To the wickless halls.

Then from their poverty they rose,

From dry guitars, and to catarrhs

They flitted

Through the palace walls.

THE LOAD OF SUGAR-CANE

The going of the glade-boat

Is like water flowing;

Like water flowing

Through the green saw-grass,

Under the rainbows;

Under the rainbows

That are like birds,

Turning, bedizened,

While the wind still whistles

As kildeer do,

When they rise

At the red turban

Of the boatman.

LE MONOCLE DE MON ONCLE

“Mother of heaven, regina of the clouds,

O sceptre of the sun, crown of the moon,

There is not nothing, no, no, never nothing,

Like the clashed edges of two words that kill.”

And so I mocked her in magnificent measure.

Or was it that I mocked myself alone?

I wish that I might be a thinking stone.

The sea of spuming thought foists up again

The radiant bubble that she was.

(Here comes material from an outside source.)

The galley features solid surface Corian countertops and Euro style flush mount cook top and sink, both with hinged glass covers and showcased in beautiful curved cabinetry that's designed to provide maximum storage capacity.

And then

A deep up-pouring from some saltier well

Within me, bursts its watery syllable.

II

A red bird flies across the golden floor.

It is a red bird that seeks out his choir

Among the choirs of wind and wet and wing.

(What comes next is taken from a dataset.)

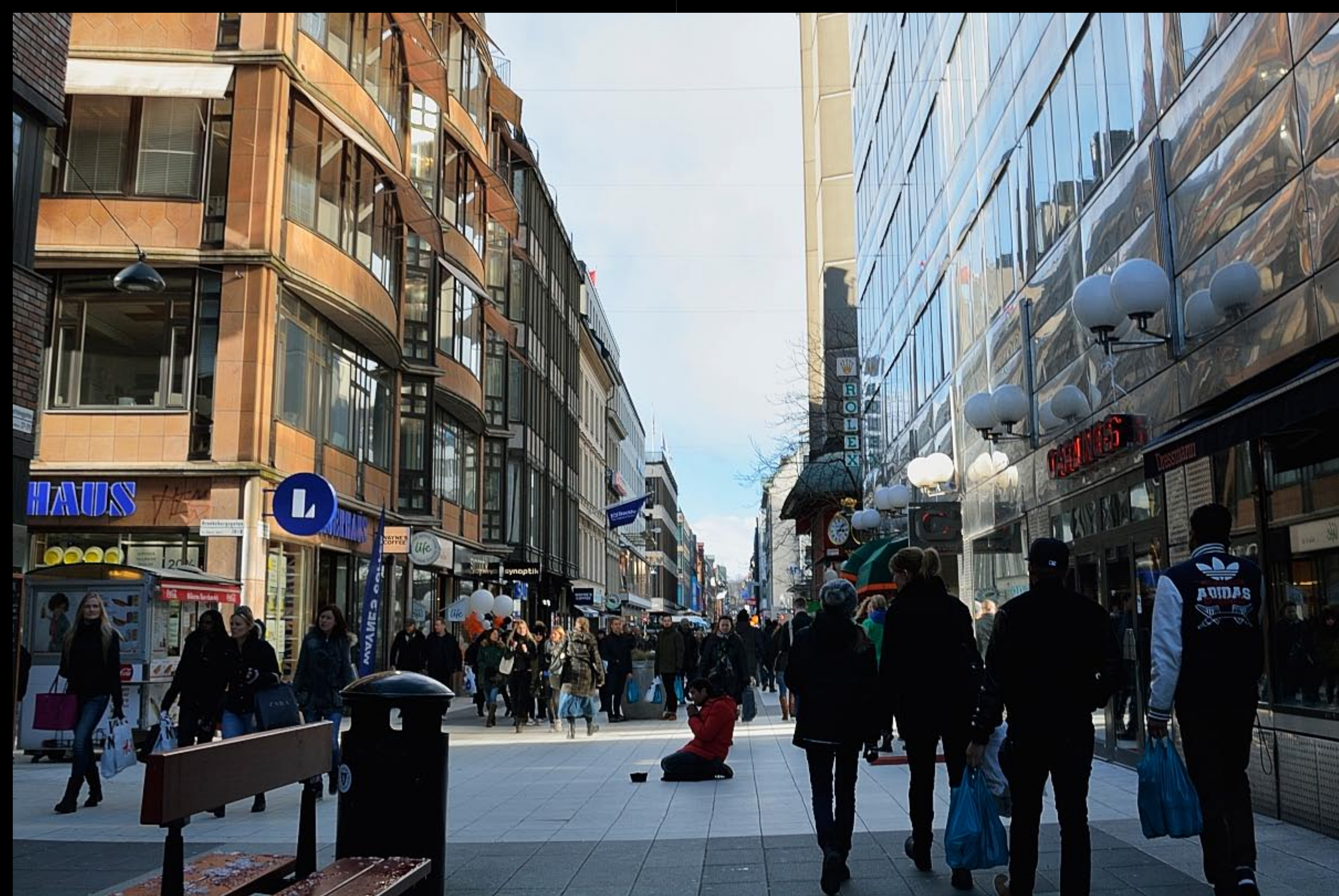
The invisible man. People passed him like he never existed. Stockholm, 2015.

A torrent will fall from him when he finds.

Shall I uncrumple this much-crumpled thing?

I am a man of fortune greeting heirs;

For it has come that thus I greet the spring.

These choirs of welcome choir for me farewell.

No spring can follow past meridian.

Yet you persist with anecdotal bliss

To make believe a starry
connaissance
.

III

Is it for nothing, then, that old Chinese

Sat tittivating by their mountain pools

Or in the Yangtse studied out their beards?

I shall not play the flat historic scale.

You know how Utamaro’s beauties sought

The end of love in their all-speaking braids.

You know the mountainous coiffures of Bath.

Alas! Have all the barbers lived in vain

That not one curl in nature has survived?

Why, without pity on these studious ghosts,

Do you come dripping in your hair from sleep?

IV

This luscious and impeccable fruit of life

Falls, it appears, of its own weight to earth.

When you were Eve, its acrid juice was sweet,

Untasted, in its heavenly, orchard air.

An apple serves as well as any skull

To be the book in which to read a round,

And is as excellent, in that it is composed

Of what, like skulls, comes rotting back to ground.

But it excels in this, that as the fruit

Of love, it is a book too mad to read

Before one merely reads to pass the time.